Treasurer Senebi conceded the point. “Better we should lose a little profit than wage a costly war, Son of Re.”
“I don’t like it,” Sobekhotep said. “I am the only king in Kemet.”
“Of course, Son of Re,” Iymeru said. “For all that the kings of Retjenu like to call themselves kings of Kemet, in reality they are nothing more than Governors, allowed to rule by your gracious permission.”
“Hmm…your words have something to recommend them. We truly lack the means to oust these Retjenu?”
“Regrettably so, Son of Re.”
“Is there no friendly power we could call upon to help us? What of the kings of Kush? We maintain friendly relations with them, don’t we?”
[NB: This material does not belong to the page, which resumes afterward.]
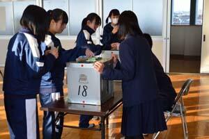 来年度の生徒会役員選挙がありました。生徒会長候補として2年生11名、副会長候補として1年生8名が立候補しています。誰をとっても来年の南中を引っ張っていける優秀な人たちです。これまでポスターを掲示し、応援演説をし、そして今日が立会演説会です。その後、栃木市選挙管理委員会からお借りした投票箱と記載台を使って投票を行いました。さて、次期会長は・・・ドキドキですね。

“Kush is far away, Son of Re,” Senebi said, “and they trade with these Retjenu kings themselves. I doubt they would want to risk any diminution of their income.”
“To the north, then?”
“Son of Re, to the north lie the lands of Retjenu, though they are sometimes divided into the regions of Djahy, Lebanon and Amurru. These are the lands that the kings residing in Avaris came from.”
“It is said that there are other rulers of foreign lands, or heqa khasut, living there who are even more inimical to native Kemetu rule, Son of Re,” Iymeru said. He shrugged. “If a wolf worries our sheep, we do not want to call upon a lion to help drive the wolf away.”
Sobekhotep scowled. “You have made your point, Iymeru. It seems that I must suffer these foreign kings, these heqa khasut, these Hyksos, for the time being.”
“It would be wise to do so, Son of Re.”
“And the request I have received from Sheshi to send ships through our lands to call upon the king of Kush? Is that wise?”
“I believe it to be a reasonable request, Son of Re,” Treasurer Senebi said. “They pay a tax for the privilege of sailing through our lands, and their gold is welcome. We have always regarded the taxes they pay as being the tribute due to the crown by subject governors.”
“Except they are not just governors, are they? They call themselves kings.”
“What does it matter what they call themselves, Son of Re?” Iymeru asked. “They are merely taking care of the Delta lands while we gather our strength. One day we shall reclaim those lands and then there shall be an accounting.”
“I look forward to that day,” Sobekhotep said. “They will beg for mercy when my foot is upon their necks, but they will get no mercy from me.”
Khaneferre Sobekhotep swept from the room with Iymeru hurrying after him, and Nebankh looked at Senebi questioningly.
“You think we will one day reconquer the lands of the Delta?” he asked.
“No time soon,” Senebi replied. “Sheshi is too strong. But one day he will no longer rule from the city he calls Avaris, and then we will see.”